He sighed. “I can swear to bear it quietly if they arrest you for killing Arshak, my lord. I cannot swear to stand by and do nothing if they decide to execute you for it.”

“Leimanos, you are my heir. You know what I want.”

He shook his head, and suddenly pressed both hands to his ears, covering them to show that he would not listen. “You want the honor and safety of the dragon. But I’m not you, my lord. You were a scepter-holder, and you had no son or brother to inherit the scepter. If you’d petitioned the king, he would have granted you the right to stay in our own country, granted it freely, and I would have been left to take the dragon to Aquincum in your place. You chose to give the scepter to your sister’s son, instead, and come yourself, because you were our prince and we relied on you. We all know that, and we’ve been glad of it a hundred times over. I will not swear to stand by and watch the Romans execute you.”

I was silent a minute. I had underestimated them all again. No one had ever said to me, “You could have stayed at home,” and I’d thought that that realization had been mine alone. But my motives for coming had not been as pure as Leimanos seemed to think. I reached over and pulled one of his hands away from his ear. “That you relied on me was only one of the reasons,” I told him quietly. “I had others.”
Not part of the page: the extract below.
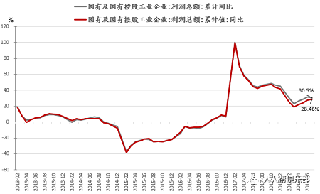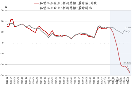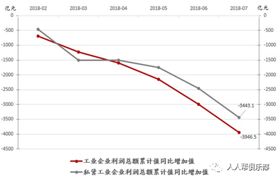 我们可以得到一个初步的结论,在规模以上统计样本中消失的企业,主要是受供给侧改革冲击的私营企业。那么,冲击的影响有多大呢?消失的企业利润反映在利润总额累计值的变化当中。今年1-7 月,私营企业的利润总额的变化(累计减少3946.5 亿),超过全部工业企业利润总额逐月的变化(累计减少3443.1 亿),而且逐月来看拟合度几近完美(图六)。这就说明在样本中消失的私营企业,几乎可以解释“幸存者偏差”(即累计同比与累计值同比的偏差)的全部。

He nodded. “And I know those, too, my lord—no wagon to ride home to, and imagined guilt because our raids helped to start the war. But the fact remains that you might be a prince and scepter-holder still, wealthy and powerful and able to choose a wife from among a kingdom of widows—and instead, you’re here. If you die in combat, I must accept that as the will of God. But I will not accept it otherwise. I swear it on fire.”
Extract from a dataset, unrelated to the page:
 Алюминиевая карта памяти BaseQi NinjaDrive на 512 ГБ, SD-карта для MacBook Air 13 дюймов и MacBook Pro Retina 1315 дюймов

I let go and sat staring at him for a moment; he stared angrily back. I sighed and ran my hand through my hair. “Well,” I said. “Well, chances are that either I will die in combat, or that the Romans will agree that Arshak was guilty of treason and do nothing to punish me. So long as you don’t start shooting if they arrest me, I’ll have to be content. And I’ve had a good omen, Leimanos. I met Tirgatao in a dream last night, and she said that she met Marha when she was in the fire, and that she begged my life from him. She said she gave it now to Pervica. I believe it was a true dream and that I will live to marry again.”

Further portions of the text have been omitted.